In 2010, KMSB began to plan for the introduction of a four-hour morning newscast that fall, to be called Daybreak. However, Belo corporate held the project back due to budgetary concerns, and the station continued to air Good Morning Arizona from KTVK.

On February 1, 2012, KOLD-TV took over the operations of KMSBtaking over production responsibilities of KMSB's nightly prime time newscast at 9, as well as launching a two-hour weekday morning show (from 7 until 9), Fox 11 Daybreak, on the station. In addition, KMSB dropped its simulcast of KTVK's Good Morning Arizona, and Fox 11 Sports Force was canceled (with the Sunday 9 p.m. newscast now airing for an hour). The same day, KMSB and KOLD introduced a shared website under the Tucson News Now banner. By 2020, when a new version of the shared services agreement came into effect, a third local newscast from the KOLD-TV newsroom at 5:30 p.m. on weekdays had been added.

In 2020, KMSB began simulcasting several daily newscasts from Tegna's KPNX in Phoenix in addition to the Tucson newscasts from KOLD-TV, later paring back to air just the Phoenix station's 10 p.m. newscast.

==Technical information==
===Subchannels===
KMSB's transmitter is located atop Mount Bigelow.

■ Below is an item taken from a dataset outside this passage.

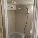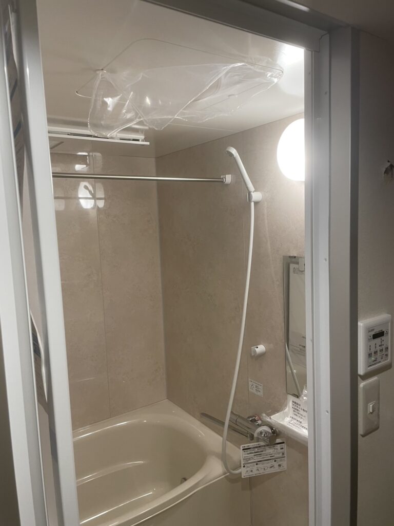 ベージュで統一された浴室は落ち着きとやわらかさが共存する穏やかな印象に。光を柔らかく反射する壁パネルと明るいベージュの床が調和し心地よい温もりを感じる空間を演出します。

The station's signal is multiplexed:

Subchannels of KMSB-TV
| Subchannel | Res.Tooltip Display resolution | Short name | Programming |
| 11.1 | 720p | KMSB-HD | Fox |
| 11.2 | 480i | Quest | Quest |
| 11.3 | Crime | True Crime Network |
| 11.4 | NOSEY | Nosey |
| 11.5 | ShopLC | Shop LC |
| 11.7 | Comet | Comet |
| 11.8 | QVC | QVC |

===Analog-to-digital conversion===
The digital transmission facility, shared with other Tucson stations, was built on Mount Bigelow in 2003. KMSB ended regular programming on its analog signal, over VHF channel 11, on June 12, 2009, as part of the federally mandated transition from analog to digital television. The station's digital signal remained on its pre-transition UHF channel 25, using virtual channel 11.

As part of the SAFER Act, KMSB kept its analog signal on the air for two weeks to inform viewers of the digital television transition through a loop of public service announcements from the National Association of Broadcasters.